Several limitations of our study should be noted. First, the villages with potential risk of schistosomiasis were not collected randomly while only one-third of snails dissected were examined by LAMP method randomly based on the consideration of the cost, which may cause the bias of estimation of the infection status of snails. Second, as the pooling strategy was used, the LAMP method can identify the environment with transmission risk but couldn’t estimate the accurate infection rate of snails. Further studies should be conducted to explore how to estimate the infection rate of schistosome in snails or transmission intensity in combination with modelling methods.

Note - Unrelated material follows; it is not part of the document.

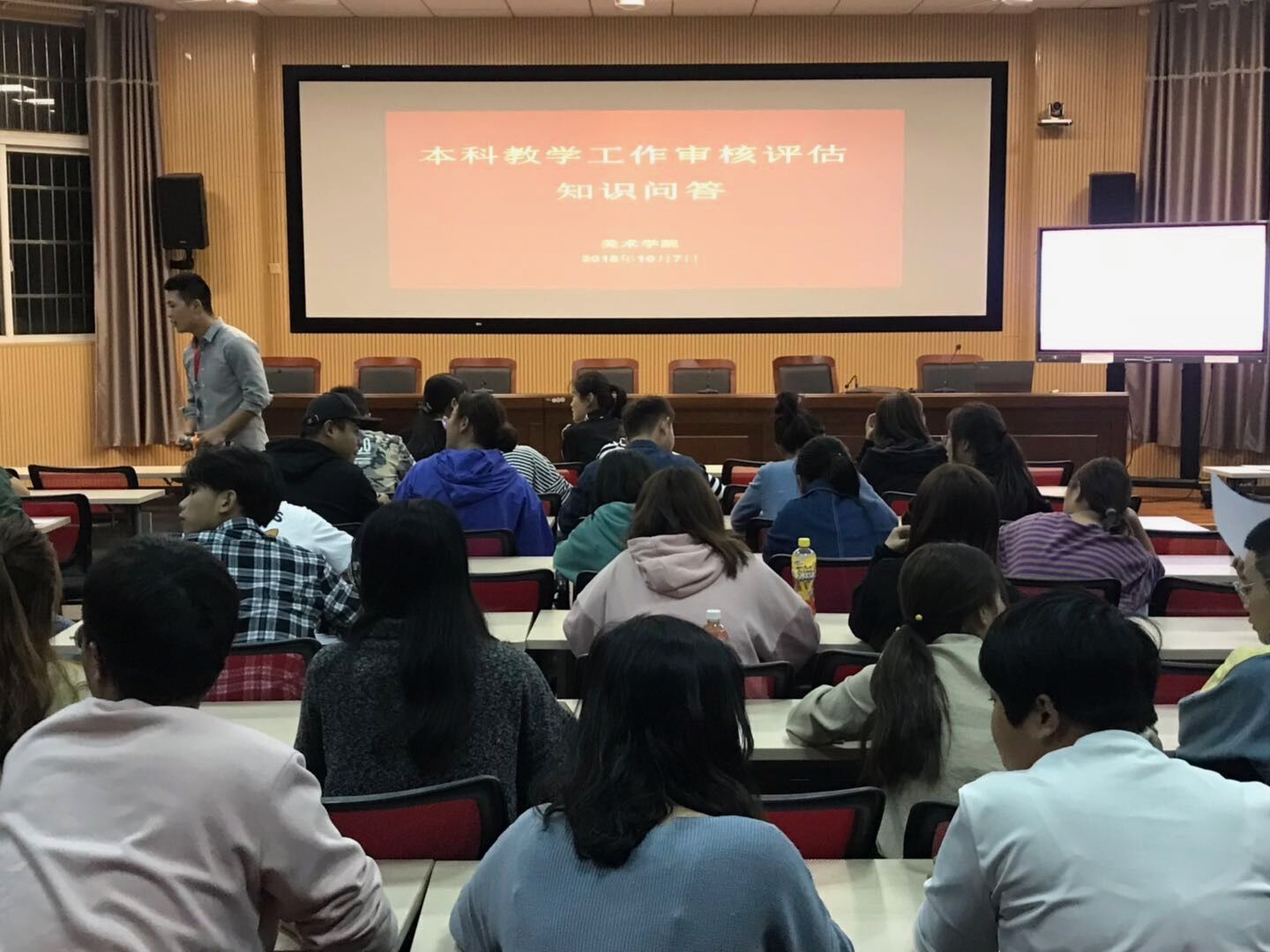 10月7日晚,美术学院在学术报告厅举行本科教学工作审核评估知识问答活动,学院一至三年级各班学生通过学号随机抽取的形式参加了此次活动。

Five years of longitudinal research proved the success of schistosomiasis control in China and indicated that the current prevalence of schistosomiasis may be underestimated due to the insensitivity of traditional methods. LAMP technique is a suitable molecular xenomonitoring tool for snail detection in low-endemic areas of schistosomiasis because of its higher sensitivity, and could be used to verify whether the transmission of schistosomiasis had been interrupted in endemic regions. To achieve the ultimate goal of schistosomiasis elimination in P.R. China, surveillance-response system should be improved, particularly to strengthen the surveillance on intermediate snail host of S. japonicum.